Thursday, April 7, 2011
The Power of Water
I clawed along the bottom to pull my way upstream in 2 feet of smooth but quickly flowing water. When I let go of a stone or boulder, I was swept down river, until I was able to dig my toes into the cobbles. I drifted into an eddy slowed by the rooty shoreline and came nose to nose with a tessellated darter who excavated a home from the sand underneath a small cobble, well out of the flow. I swam back towards the middle of the river and allowed the current to carry me down stream. I peeked above the surface every few minutes to gauge how far I had before the river shallows. It will take some time and effort to stop short of the boulders that form a downstream set of rapids.
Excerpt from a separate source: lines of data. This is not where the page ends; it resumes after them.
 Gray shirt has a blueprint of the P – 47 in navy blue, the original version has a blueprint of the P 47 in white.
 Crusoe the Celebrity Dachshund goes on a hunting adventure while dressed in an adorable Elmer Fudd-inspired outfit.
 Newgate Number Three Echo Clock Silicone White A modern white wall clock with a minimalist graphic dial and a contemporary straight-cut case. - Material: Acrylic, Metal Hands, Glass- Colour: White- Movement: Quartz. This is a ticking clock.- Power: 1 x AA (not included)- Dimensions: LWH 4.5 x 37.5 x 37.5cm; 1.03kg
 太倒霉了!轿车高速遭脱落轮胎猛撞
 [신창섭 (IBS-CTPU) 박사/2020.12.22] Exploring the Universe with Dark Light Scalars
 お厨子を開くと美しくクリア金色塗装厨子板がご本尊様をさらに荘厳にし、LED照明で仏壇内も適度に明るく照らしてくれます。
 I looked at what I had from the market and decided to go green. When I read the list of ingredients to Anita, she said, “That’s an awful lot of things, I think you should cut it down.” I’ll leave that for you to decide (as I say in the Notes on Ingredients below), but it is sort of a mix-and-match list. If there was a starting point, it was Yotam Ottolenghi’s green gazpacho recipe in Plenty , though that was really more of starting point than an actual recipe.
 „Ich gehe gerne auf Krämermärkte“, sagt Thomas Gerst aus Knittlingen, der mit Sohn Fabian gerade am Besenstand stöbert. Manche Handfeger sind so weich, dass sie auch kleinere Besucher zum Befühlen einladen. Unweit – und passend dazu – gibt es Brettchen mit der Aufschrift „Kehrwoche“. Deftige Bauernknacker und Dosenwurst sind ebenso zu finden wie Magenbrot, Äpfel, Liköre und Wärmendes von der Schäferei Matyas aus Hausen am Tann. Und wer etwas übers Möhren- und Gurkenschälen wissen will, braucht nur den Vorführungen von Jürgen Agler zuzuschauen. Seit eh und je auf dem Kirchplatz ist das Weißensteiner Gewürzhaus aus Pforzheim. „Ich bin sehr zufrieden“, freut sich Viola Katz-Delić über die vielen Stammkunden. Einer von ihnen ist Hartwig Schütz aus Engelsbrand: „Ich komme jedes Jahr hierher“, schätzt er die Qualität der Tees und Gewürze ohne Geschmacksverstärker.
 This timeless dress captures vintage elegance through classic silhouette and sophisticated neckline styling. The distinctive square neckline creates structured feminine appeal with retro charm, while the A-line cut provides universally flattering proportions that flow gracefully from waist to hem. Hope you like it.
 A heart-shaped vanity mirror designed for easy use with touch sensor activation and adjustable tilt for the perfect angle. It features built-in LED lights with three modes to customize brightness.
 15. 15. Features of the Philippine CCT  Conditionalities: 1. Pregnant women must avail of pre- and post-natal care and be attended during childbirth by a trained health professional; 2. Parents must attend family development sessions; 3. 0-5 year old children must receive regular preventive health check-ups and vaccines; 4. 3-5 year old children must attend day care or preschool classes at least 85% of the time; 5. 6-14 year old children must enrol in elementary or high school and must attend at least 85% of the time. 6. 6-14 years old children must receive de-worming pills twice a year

I cautiously entered the short rapid and held onto a boulder with one hand, which allowed my body to trail behind in the strong current. Ameletid mayfly nymphs clung to the lee side of rocks. Their black and white banded frilly tails waved in the turbulent water. The darter and mayflies have all devised graceful ways to sustain themselves against the flow that I clumsily struggled against. The bedrock below was scoured smooth, and a submerged whirlpool twirled a stone in a circle that wore a small cup in the rock. Water shaped the course of this river and set its depth. It placed, moved and restructured the rocks that form this rapid. Water is a dynamic force. It’s not done working and the river shifts and changes before my eyes. This will be a different place tomorrow, and almost unrecognizable next year. The holes I knew six months ago are either deeper or gone. One rapid is now a short falls. Nothing is static. Water is a powerful force on our planet. It shapes bedrock, landscapes, ecosystems and lives. It launches wars. Tessellated darters need clean water. Ameletid mayflies need clean water. We need clean water. Life is not possible without it and yet we treat water as if it held no authority. As if our lives didn’t depend on it. We treat water as some kind of throw away commodity rather than giving it the respect and honor it deserves. Many native peoples felt that water was spirit, and I can feel the spirit of this river while I watch the effect it has on the darters, mayflies, bedrock and me.